If you can’t help it: If you cannot just look at an ECG with a WCT and call it a WCT and move on from there, here is a proposed framework for differentiating SVT from VT. Approach an ECG with a WCT and have a mental model of the VT-SVT probability gauge in your head. Begin by assigning them a rough probability of VT based on the following: Are they under 18? It is more likely to be SVT than VT. Are they between 18 and 35? It could be either. Are they over 35? It is more likely to be VT. Are they over 60 and have a cardiac history? It is likely to be VT. None of these are absolutes and none of these really matter anyway.
For example, in the graphic below I assigned the rough pre-test probability to three fictitious patients based on nothing more than my best guess. The patient on the left is older and has a cardiac history, I’d have to work really hard, harder than I am willing to work, in order to disprove a WCT from being VT. The 41-year-old female with palpitations with a WCT on the ECG could go either way, SVT or VT. The 18-year-old who did too much blow is less likely to have VT when they are in a WCT—but remember that less likely is not the same thing as impossible.
After considering the demographical factors, consider their history. Are they 30 years old but have a complex cardiac history, can tell you who their cardiologist is, and are prescribed amiodarone? If so, you should update your beliefs on how likely this WCT is to be VT. This is establishing a pre-test probability, with a side of Bayesian updating.
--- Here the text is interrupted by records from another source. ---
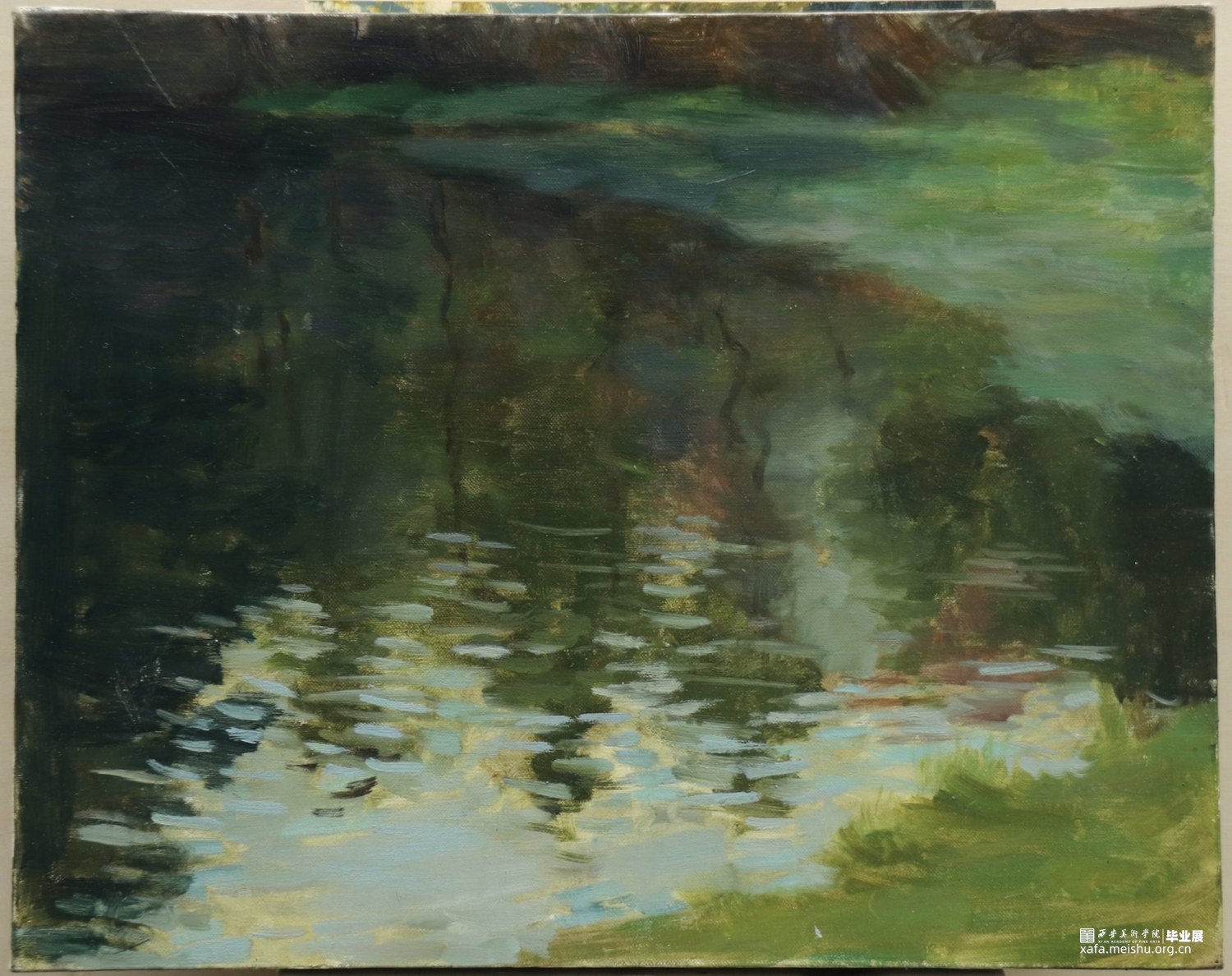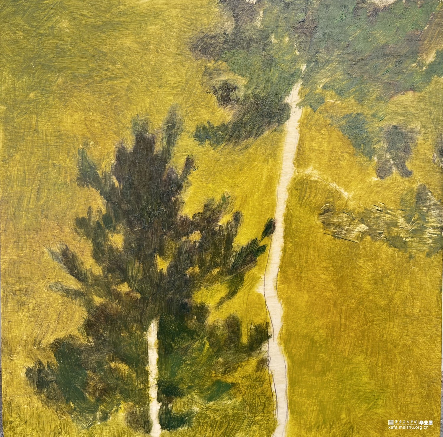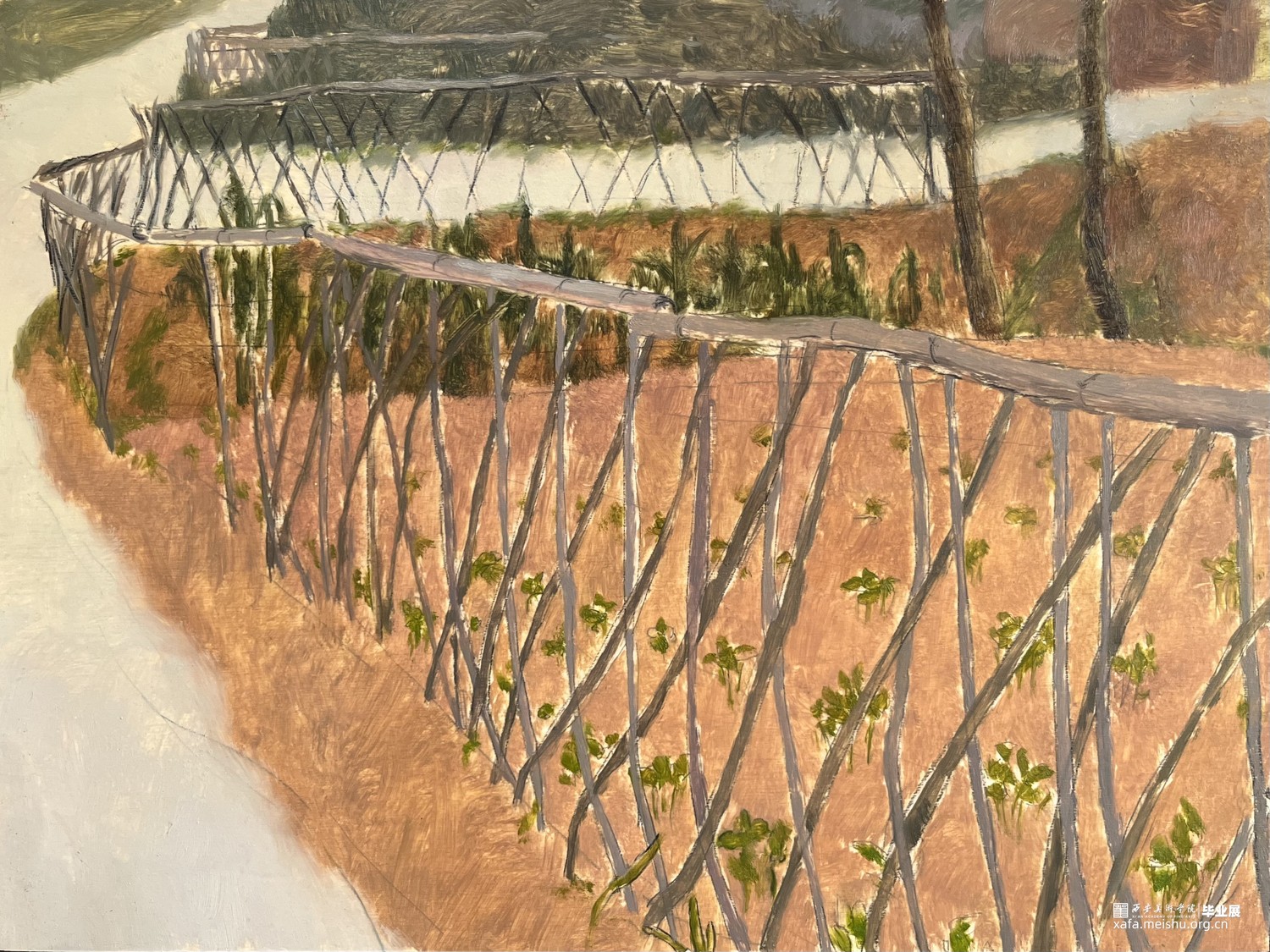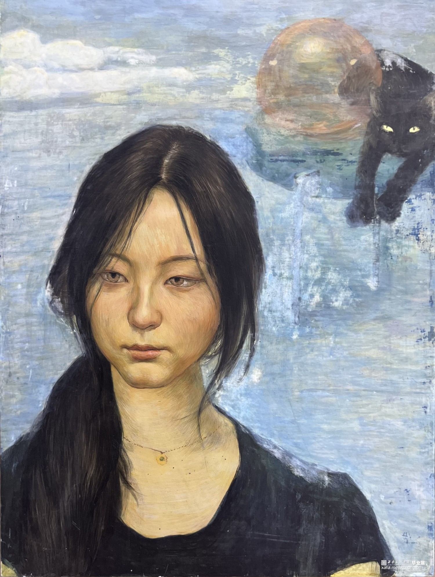 此画描绘了儿时成长的故乡,有红砖墙、蓝绿铁门等,而泡泡连接着童年记忆和美好感受,画中人物看着泡泡回忆起过去的二十余年时光。
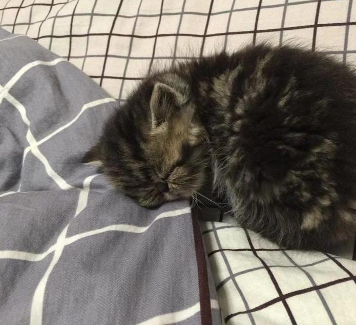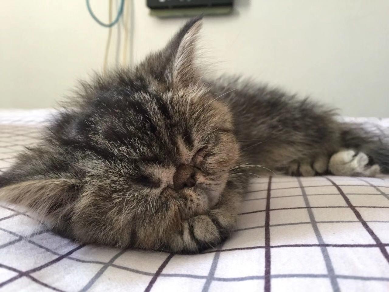 猫宝宝一次基本喝不了多少,每次3分之1针管的量就可以,吃完奶,他会继续睡,饿了会再叫,然后再喂,无限循环,后来我摸出规律,基本在2小时喂一次。
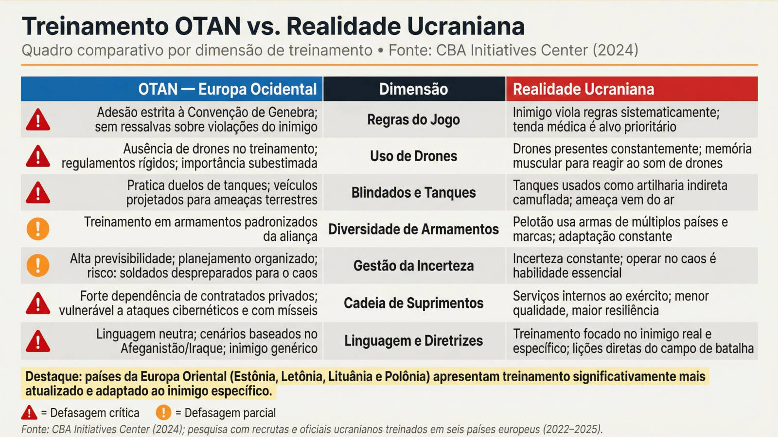 Comparativo em sete dimensões entre as práticas de treinamento da OTAN na Europa Ocidental e as exigências do campo de batalha ucraniano. Em cinco das sete dimensões, identificou-se defasagem crítica nos programas ocidentais. Países da Europa Oriental (Estônia, Letônia, Lituânia e Polônia) apresentam treinamento significativamente mais atualizado (CBA Initiatives Center, 2024; pesquisa com recrutas e oficiais ucranianos treinados em seis países europeus, 2022–2025).
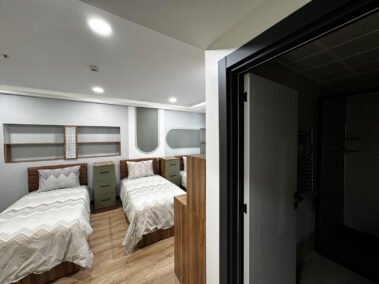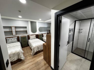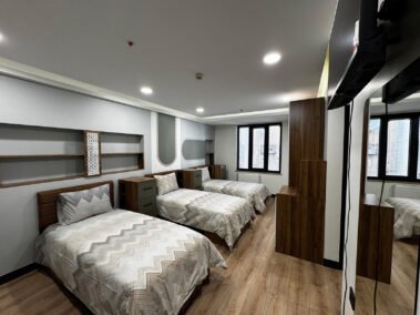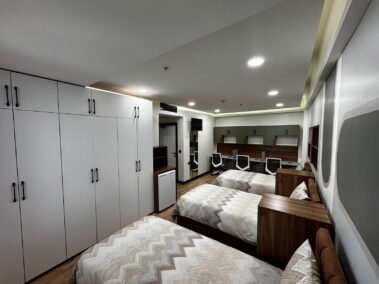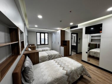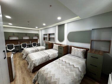 Samimi ve sıcak bir ortam isteyen öğrenciler için üç kişilik odalar mükemmel bir tercihtir. Paylaşımlı yaşamın keyfini çıkarırken aynı zamanda ihtiyaç duyduğunuz konforu bulabilirsiniz. Odalarda klima, televizyon, buzdolabı, banyo ve tuvalet yer almaktadır. Balkonlu seçenekler sayesinde ferah bir yaşam alanı elde edebilirsiniz. Yatakların özel çekmeceleri, eşyalarınızı düzenli tutmanıza yardımcı olur.
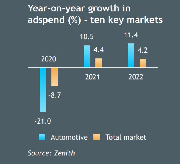 Однако уже в следующем году автоконцерны наверстают упущенное: Zenith прогнозирует рост рекламных расходов на 10,5% в 2021 г. и увеличение на 11,4% в 2022 г. Эксперты также ожидают, что впервые с 2017 г. продажи легковых автомобилей пойдут вверх — благодаря реализации отложенного спроса и страхам, связанным с использованием общественного и арендуемого транспорта.
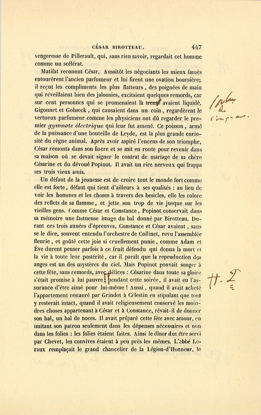 Matifat reconnut César. Aussitôt les négociants les mieux famés entourèrent l’ancien parfumeur et lui firent une ovation boursière ; il reçut les compliments les plus flatteurs, des poignées de main qui réveillaient bien des jalousies, excitaient quelques remords, car sur cent personnes qui se promenaient là plus de cinquante avaient liquidé. Gigonnet et Gobseck, qui causaient dans un coin, regardèrent le vertueux parfumeur comme les physiciens ont dû regarder le premier gymnote électrique qui leur fut amené. Ce poisson, armé de la puissance d’une bouteille de Leyde, est la plus grande curiosité du règne animal. Après avoir aspiré l’encens de son triomphe, César remonta dans son fiacre et se mit en route pour revenir dans sa maison où se devait signer le contrat de mariage de sa chère Césarine et du dévoué Popinot. Il avait un rire nerveux qui frappa ses trois vieux amis.
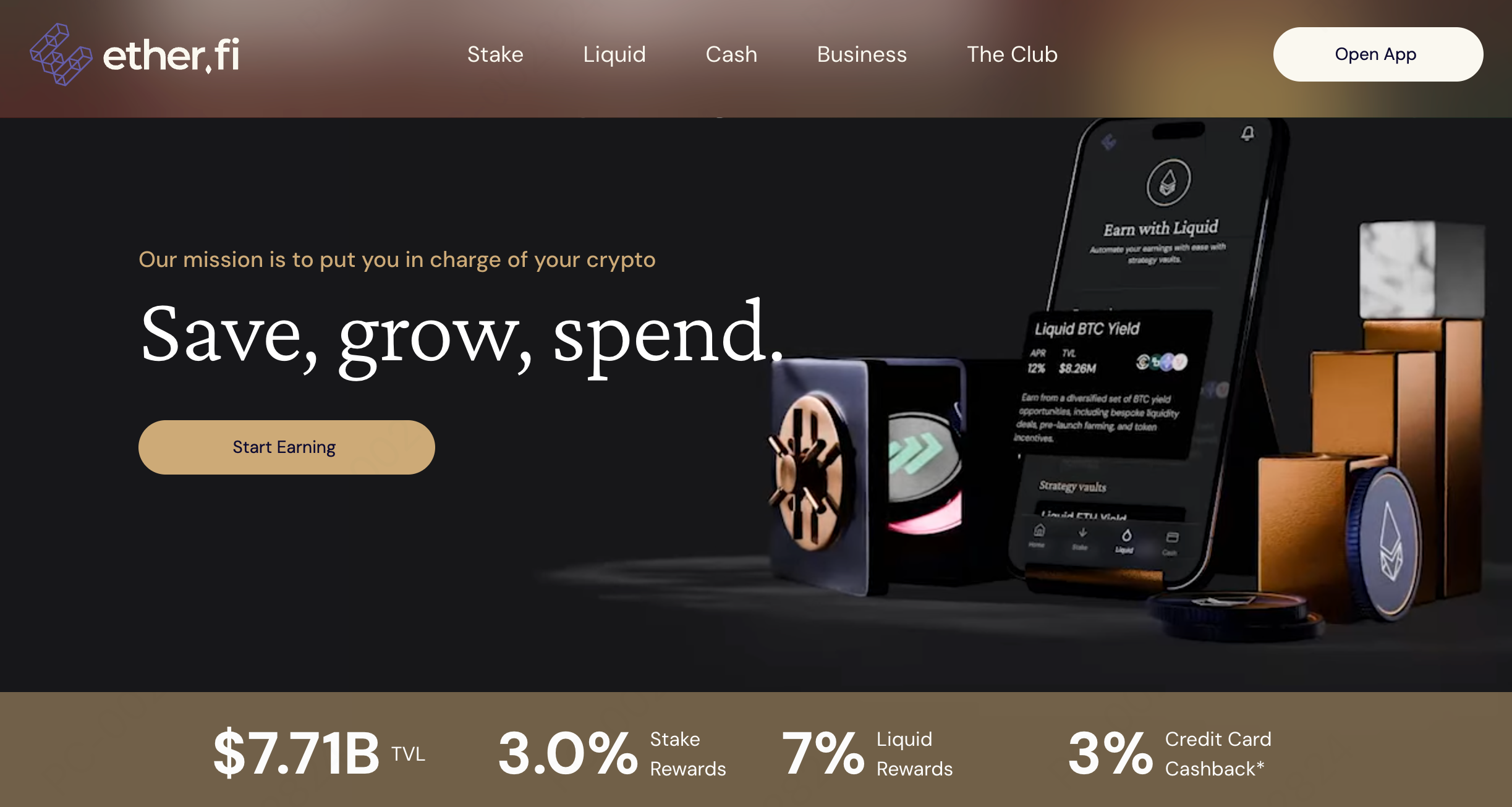 Cash представляє трансформаційну некастодіальну платіжну картку в криптовалюті. Користувачі можуть легко підключити свій інвестиційний портфель ether.fi до цієї картки, що дозволяє здійснювати безперешкодні транзакції у більш ніж 100 мільйонів мерчантів, які підтримують Visa по всьому світу. Від повсякденних покупок, таких як кава, до витрат на подорожі, таких як оренда автомобілів та розміщення в розкішних готелях, всі транзакції зручно керуються через одну картку. Платформа наразі винагороджує користувачів щедрим кешбеком у розмірі 3% на всі покупки й ідеально інтегрується з екосистемами Apple Pay та Google Pay. Важливо, що ця картка використовує інноваційну некастодіальну архітектуру, надаючи користувачам повний контроль над їхніми активами у будь-який час.
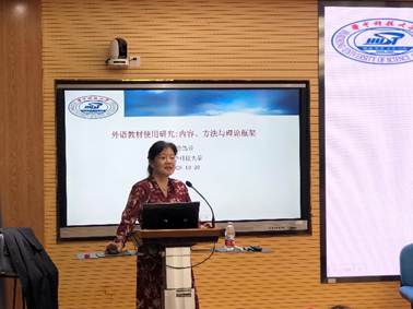 随后,徐教授对外语教材使用研究的主要方法进行了概述,涵盖定量、定性及混合研究路径,强调研究方法的科学性和透明性。在此基础上,徐教授进一步阐述了教材使用研究的选题来源,从教学实践问题、教材研究期刊专栏、知名学者研究动向到国家教育政策解读等均可成为选题切入点。她强调,研究者应关注教师教材使用策略、学习者教材使用行为以及数字教材与AI赋能等新议题,以应对当前外语教育改革战略需求。
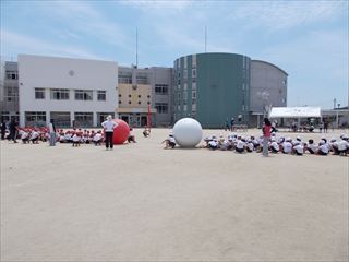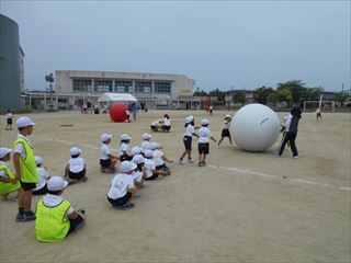 23日(火)の全体練習は大玉送りを行いました。
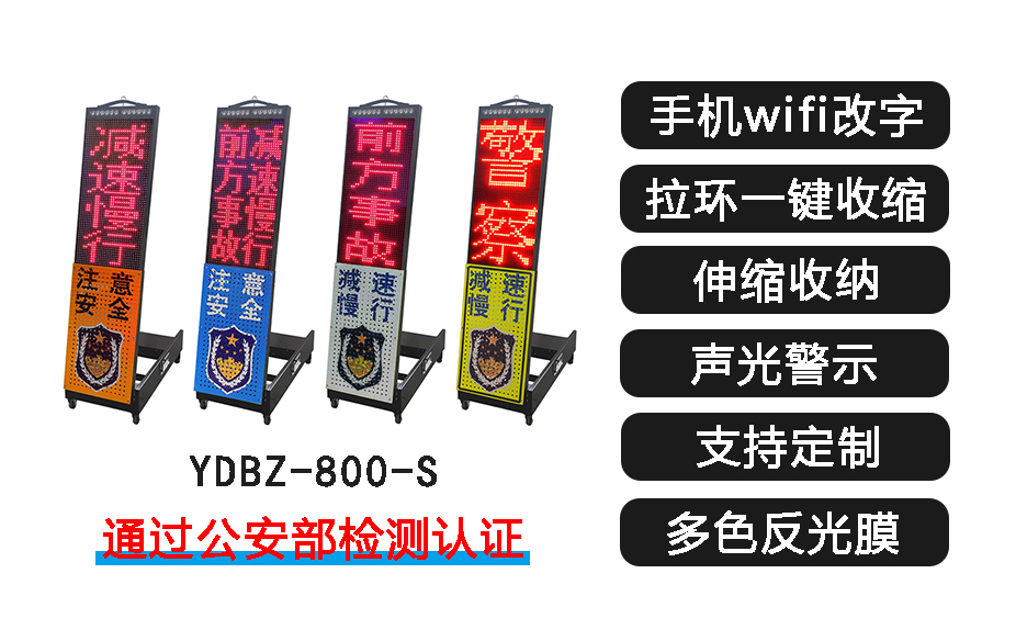 伸縮臨檢警示屏,是一種具有警示燈、LED顯示屏、警示牌、警報(bào)、語音播放于一體的安全警示防護(hù)設(shè)備。警報(bào)和文字信息提示可同步進(jìn)行,可視距離遠(yuǎn),警示效果好。有效起到實(shí)時(shí)路況信息提示、預(yù)警等功能,同時(shí)提高路面行駛車輛的安全駕駛。主要用于警察臨檢,事故及施工現(xiàn)場的警示。底部裝有滑輪,方便移動(dòng)、攜帶。
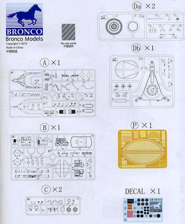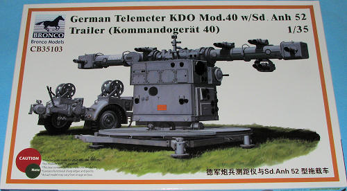 The kit includes not only the telemeter, but also its trailer. In this case it is a pretty standard Sd. Anh 52 that can be towed by vehcles of nearly any size. The detailing on the parts is very much up to Bronco's standards and includes a nice photo etch fret. This fret is used for some small handles, fender braces on the trailer and the grate standing platform for the telemeter itself. The main body of the telemeter consists of the long optical arms and the large analog range computer to which it is attached. I would have expected a clear sprue for lenses, but apparently they are not required.
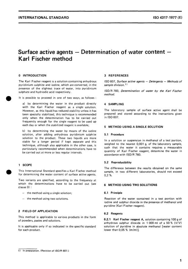 ISO 4317:1977 - Surface active agents — Determination of water content — Karl Fischer method Released:8/1/1977
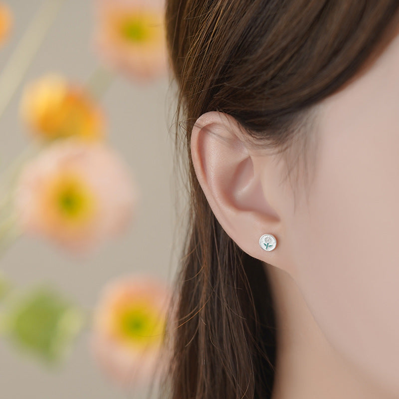 E廠【YC7639E】S999足銀鬱金香耳環文藝風氣質精緻溫柔韓風ins小眾耳飾 25.06-4
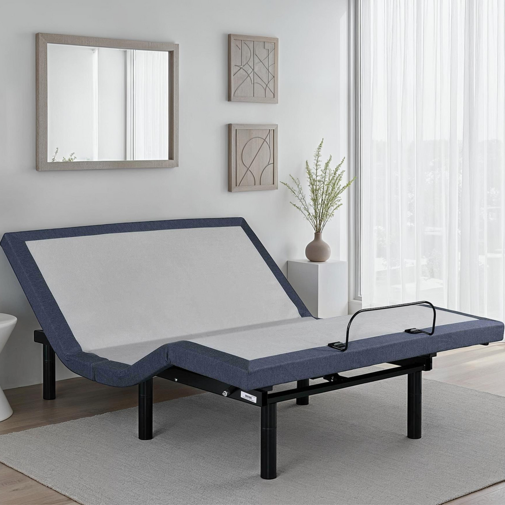 Experience ultimate comfort with our Blue-gray Twin XL Adjustable Bed Base, featuring head and foot position adjustments for personalized sleep. Enjoy advanced functions like a programmable memory position, one-touch return to flat, anti-snore, and a relaxing body massage. Enhance your sleep quality and transform your bedroom into a sanctuary of ergonomic support and convenience.
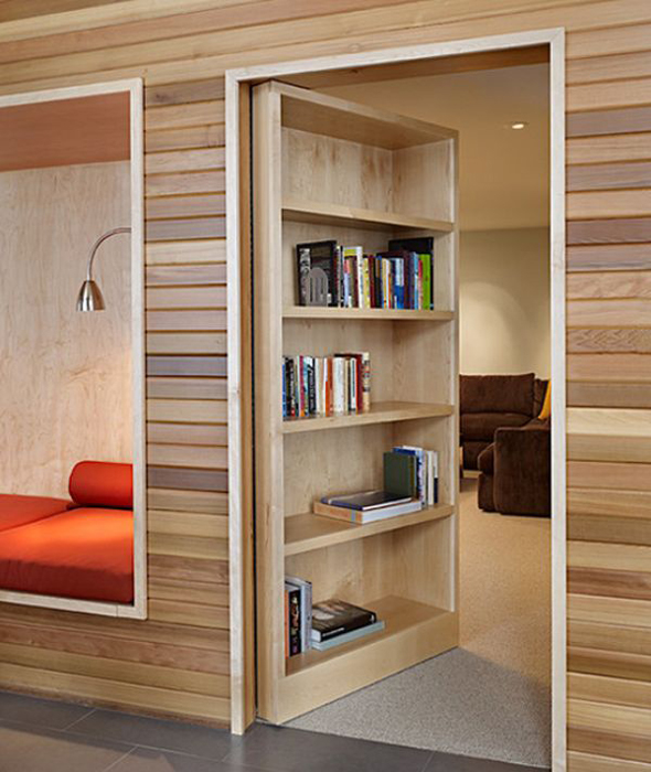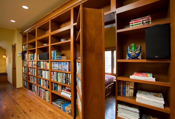 Обычный на первый взгляд книжный шкаф в современном доме является дверью, ведущей в кладовку.
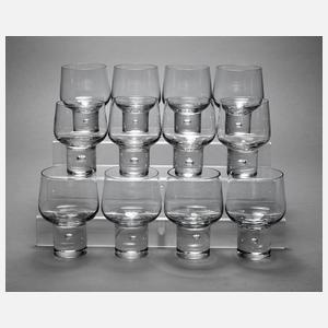 2. Hälfte 20. Jh., ungemarkt, klares Glas, ausgekugelter Abriss, massiver zylindrischer Standfuß mit eingestochener Luftblase, gebauchte, leicht konische Kuppa, drei Stück minimal bestoßen, H 12 cm.
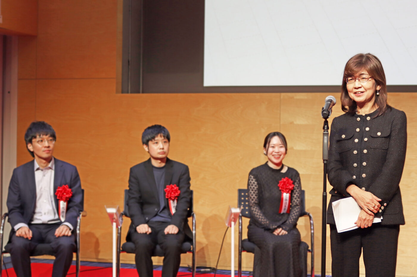長年、創作を続けてきたんですけれども、プロの方に自分の書いたものを読んでいただけるというのは、本当に私にとって夢のまた夢のような出来事でした。また、今日ここへ来て、自分のシナリオを読んでくださった方が確かにいるんだということを改めて実感できて、感謝と嬉しい気持ちでいっぱいです。いただいた賞を励みに、今後も精進していきたいと思います。

Once you have a “best guess” on the likelihood of the patient having VT based on their age, history, and presentation, look for clues on the ECG that will further change your beliefs. Supposing the patient is a 41-year-old female with a chief complaint of palpitations. Without an ECG, upon feeling her weak radial pulse at 190 beats per minute, you place her as 60% likely to be in VT, based on your best guess. When she tells you her history, that she has had 2 previous heart attacks and 3 stents placed you increase your best guess of the chances that this arrhythmia being VT to 70%. After looking at her 12 lead ECG and noticing a fusion beat you are now 90% certain, if not higher, that this is VT.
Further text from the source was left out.